Exercise description: Leave the pictures out, and repeat exactly every line from the one with "- Flooding : 송신지 포트를 제외한 나머지 포트들로 트래픽 전송" through the end of the data below.

Information supplied:
————
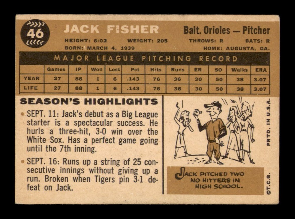 Player: Jack Fisher Original/Reprint: Original Card Manufacturer: Topps Season: 1960 Year: 1960 Graded: No Sport: Baseball
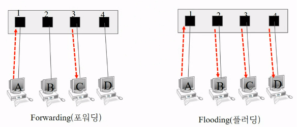- Flooding : 송신지 포트를 제외한 나머지 포트들로 트래픽 전송
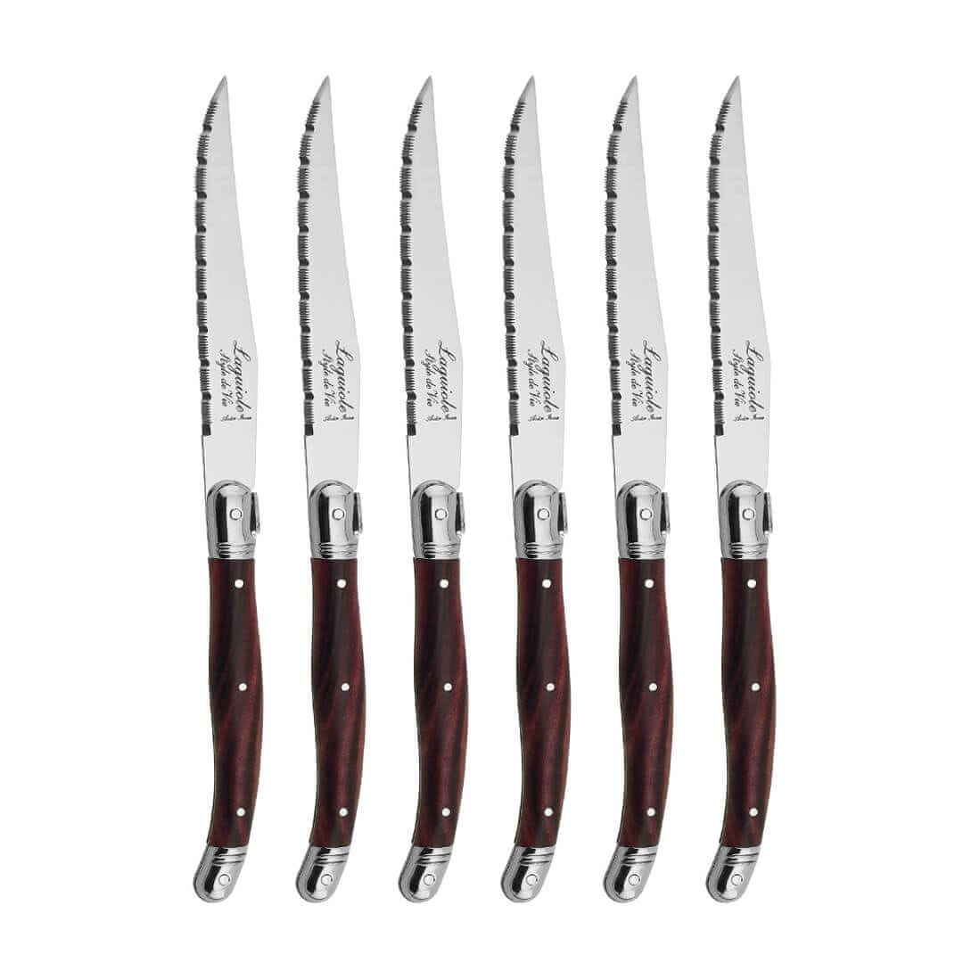 6-delni komplet nožev za zrezke iz serije Premium Line združuje eleganco, vsestranskost in praktičnost. Vsak nož ima 11 cm dolgo nazobčano rezilo iz kakovostnega nerjavečega jekla debeline 1,8 mm, ki omogoča enostavno rezanje sočnih zrezkov, mesa z žara, pa tudi pice ali drugih jedi z hrustljavo skorjico. Plastični ročaji v temno rjavi barvi v imitacij lesa poskrbijo za udoben oprijem, brezčasna oblika pa doda pridih elegance na vsako mizo. Noži so primerni za pomivanje v pomivalnem stroju. Komplet je shranjen v priročnem lesenem bloku, ki združuje praktičnost in estetsko dovršenost ter predstavlja čudovit dodatek k vaši kuhinji.
————
Output of the exercise:
- Flooding : 송신지 포트를 제외한 나머지 포트들로 트래픽 전송
 6-delni komplet nožev za zrezke iz serije Premium Line združuje eleganco, vsestranskost in praktičnost. Vsak nož ima 11 cm dolgo nazobčano rezilo iz kakovostnega nerjavečega jekla debeline 1,8 mm, ki omogoča enostavno rezanje sočnih zrezkov, mesa z žara, pa tudi pice ali drugih jedi z hrustljavo skorjico. Plastični ročaji v temno rjavi barvi v imitacij lesa poskrbijo za udoben oprijem, brezčasna oblika pa doda pridih elegance na vsako mizo. Noži so primerni za pomivanje v pomivalnem stroju. Komplet je shranjen v priročnem lesenem bloku, ki združuje praktičnost in estetsko dovršenost ter predstavlja čudovit dodatek k vaši kuhinji.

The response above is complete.